# PROBLEM STATEMENT
With pictures left out, output exactly the lines of the listing below from the line that has "بر اساس اعلام" to the line that has "據了解,起火建物為一處鐵皮屋", both lines kept.

# WORKING DATA
= = = =
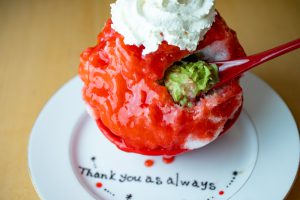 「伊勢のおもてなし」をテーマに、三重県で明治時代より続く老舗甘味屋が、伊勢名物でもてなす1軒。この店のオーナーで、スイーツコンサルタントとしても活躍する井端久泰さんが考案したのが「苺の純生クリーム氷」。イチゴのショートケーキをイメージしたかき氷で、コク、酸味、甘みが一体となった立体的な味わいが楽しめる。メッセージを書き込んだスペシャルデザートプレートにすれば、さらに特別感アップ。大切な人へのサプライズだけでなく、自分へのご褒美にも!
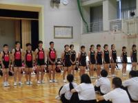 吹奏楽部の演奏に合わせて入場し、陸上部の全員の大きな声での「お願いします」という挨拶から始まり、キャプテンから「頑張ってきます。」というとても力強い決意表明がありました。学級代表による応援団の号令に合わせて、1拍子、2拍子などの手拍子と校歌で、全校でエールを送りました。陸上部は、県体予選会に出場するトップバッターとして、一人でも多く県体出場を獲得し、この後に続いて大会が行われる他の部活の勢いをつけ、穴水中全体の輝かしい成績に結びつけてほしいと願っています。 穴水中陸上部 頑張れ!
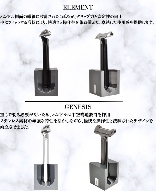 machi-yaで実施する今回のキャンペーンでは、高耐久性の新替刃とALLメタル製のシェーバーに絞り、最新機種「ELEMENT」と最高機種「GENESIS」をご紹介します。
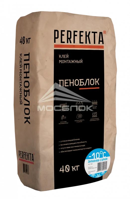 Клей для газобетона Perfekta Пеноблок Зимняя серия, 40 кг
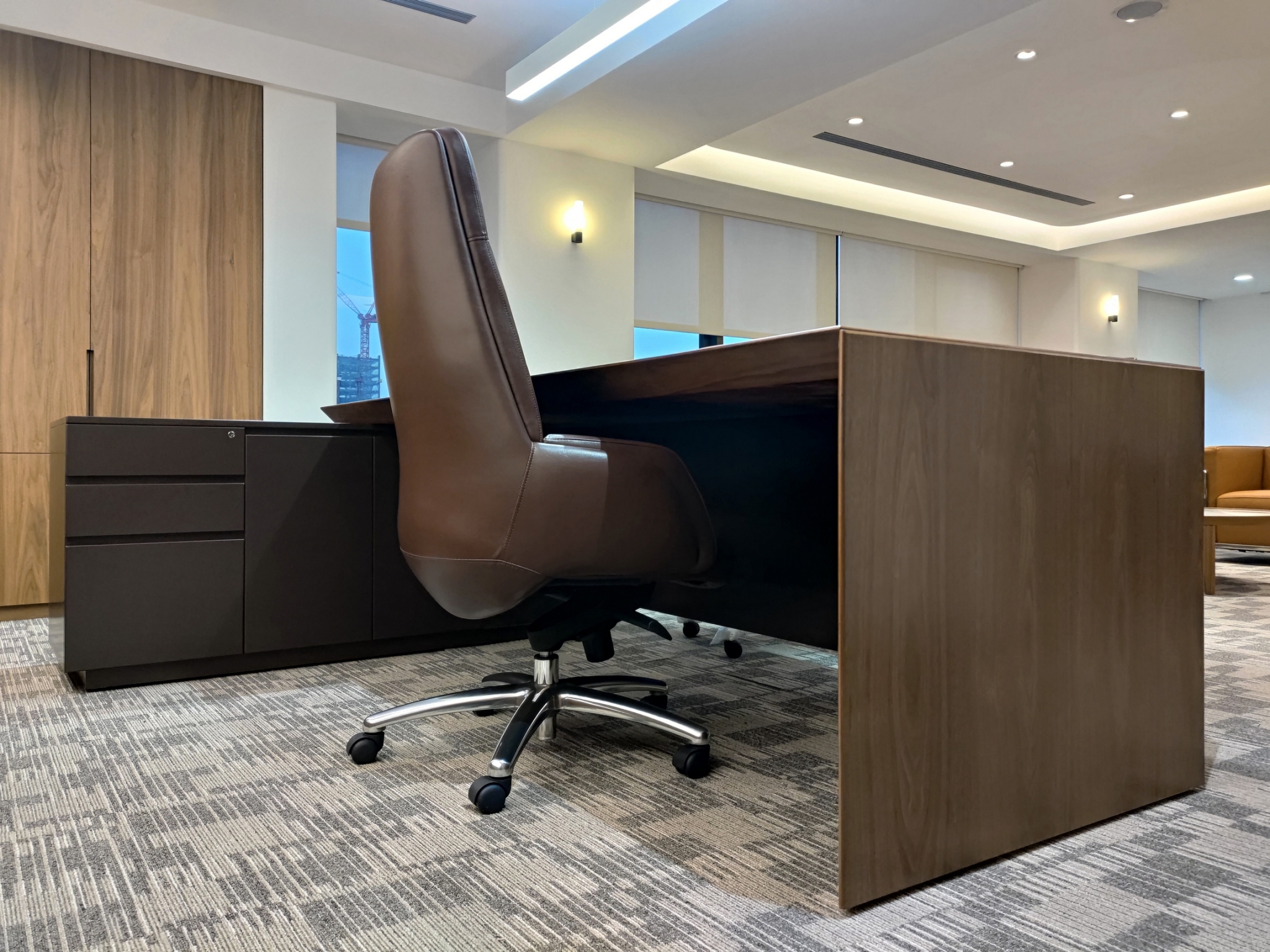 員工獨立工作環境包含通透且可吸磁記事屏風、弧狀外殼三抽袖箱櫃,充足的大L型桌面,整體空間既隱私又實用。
= = = =
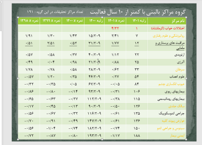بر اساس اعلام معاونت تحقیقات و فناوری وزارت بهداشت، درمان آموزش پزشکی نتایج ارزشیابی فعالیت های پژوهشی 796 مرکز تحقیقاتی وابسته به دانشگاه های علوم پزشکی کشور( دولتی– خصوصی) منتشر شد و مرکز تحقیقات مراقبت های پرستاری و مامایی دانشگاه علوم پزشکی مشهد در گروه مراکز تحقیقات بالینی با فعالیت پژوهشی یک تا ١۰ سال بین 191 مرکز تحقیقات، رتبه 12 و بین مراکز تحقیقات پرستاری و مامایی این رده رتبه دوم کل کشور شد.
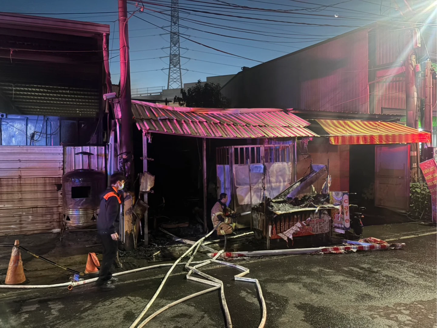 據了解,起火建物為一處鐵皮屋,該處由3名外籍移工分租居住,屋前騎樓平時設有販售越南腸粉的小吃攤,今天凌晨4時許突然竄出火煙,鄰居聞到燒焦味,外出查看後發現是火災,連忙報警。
= = = =
# WRITTEN ANSWER
بر اساس اعلام معاونت تحقیقات و فناوری وزارت بهداشت، درمان آموزش پزشکی نتایج ارزشیابی فعالیت های پژوهشی 796 مرکز تحقیقاتی وابسته به دانشگاه های علوم پزشکی کشور( دولتی– خصوصی) منتشر شد و مرکز تحقیقات مراقبت های پرستاری و مامایی دانشگاه علوم پزشکی مشهد در گروه مراکز تحقیقات بالینی با فعالیت پژوهشی یک تا ١۰ سال بین 191 مرکز تحقیقات، رتبه 12 و بین مراکز تحقیقات پرستاری و مامایی این رده رتبه دوم کل کشور شد.
 據了解,起火建物為一處鐵皮屋,該處由3名外籍移工分租居住,屋前騎樓平時設有販售越南腸粉的小吃攤,今天凌晨4時許突然竄出火煙,鄰居聞到燒焦味,外出查看後發現是火災,連忙報警。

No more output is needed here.